Optimal depth for underground flyby?

Question

Planetary flybys are used to modify the orbital parameters of spacecraft.

For maximum gain, a large deflection angle is often desired. But the deflection angle is limited by the closest approach, which in turn is limited by the radius of the planet

However: what if a tunnel was dug along the flyby path? Then the closest point of the flyby could be even lower, and the deflection angle increased.

Or would it?

Considering the extreme case, going straight through the centre, a tunnel path offers no deflection at all, where a point mass flyby would in contrast give a full 180º.

Sub-surface gravity can be found by applying the shell theorem, and assuming uniform density, the force of gravity then becomes proportional to distance $F(r) \propto r$, in contrast to the usual $F(r) \propto r^{-2}$ (as an aside, this law of gravity also happens to have stable orbits, the only other exponent for $r$ to do so. They are however ellipses with their geometric centre instead of a focus at the centre of mass, so it's not immediately clear how to patch them together with the outside hyperbola)
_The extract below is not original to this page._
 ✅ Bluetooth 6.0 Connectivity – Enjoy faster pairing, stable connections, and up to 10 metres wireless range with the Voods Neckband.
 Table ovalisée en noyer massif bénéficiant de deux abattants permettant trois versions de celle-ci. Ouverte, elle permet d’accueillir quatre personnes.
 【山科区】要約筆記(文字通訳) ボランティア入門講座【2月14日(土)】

Writing a simple time stepping simulation, I found the deflection angle to indeed be increasing a little when digging tunnels some way into the planet, but then shrink again.
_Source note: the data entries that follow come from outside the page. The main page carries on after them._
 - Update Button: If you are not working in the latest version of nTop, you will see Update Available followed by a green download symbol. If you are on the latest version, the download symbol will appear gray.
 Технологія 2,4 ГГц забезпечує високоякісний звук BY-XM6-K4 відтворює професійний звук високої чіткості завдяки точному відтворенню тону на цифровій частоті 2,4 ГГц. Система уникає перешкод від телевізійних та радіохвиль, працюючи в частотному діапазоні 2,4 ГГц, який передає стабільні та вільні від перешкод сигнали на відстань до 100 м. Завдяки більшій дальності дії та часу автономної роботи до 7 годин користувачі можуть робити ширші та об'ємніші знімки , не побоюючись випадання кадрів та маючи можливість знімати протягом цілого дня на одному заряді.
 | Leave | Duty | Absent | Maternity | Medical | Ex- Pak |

The question then arises: What is the optimal depth for flyby tunnels? Presumably it depends on $v_{\infty}$

Answer 1

The Optimal Depth is Precisely (Almost) No Depth

I solved this problem using a numerical differential equation solver to investigate a range of flyby approach angles. The results are fascinating!

I used the earth as a basis for the investigation. The planet radius is marked in red, and the starting point is near geostationary altitude. I implemented the "tunnel gravity" with a simple Boolean and then taking the mass under the position as the relevant mass.

I plot here 3 different starting velocities and a range of starting angles for each. If you look carefully, you will see that for all three cases the sharpest turning is provided by the trajectory that passes closest to the planet's surface.

Another fascinating result is that the planet acts like a lens! producing a focal length that is dependent on the initial velocity.

I will now admit that this is not a proof (though I think it is quite convincing), but every starting point I tried had the same result (and I tried many more than shown here). I am sure someone could mathematically prove this (and explain the neato lensing behavior), but that person will not be me.

Editing to address further work and comments discussion. On closer inspection, there is very marginal (~0.1 degree) extra turning to be had with a relatively shallow minimum depth (~100 km below ground)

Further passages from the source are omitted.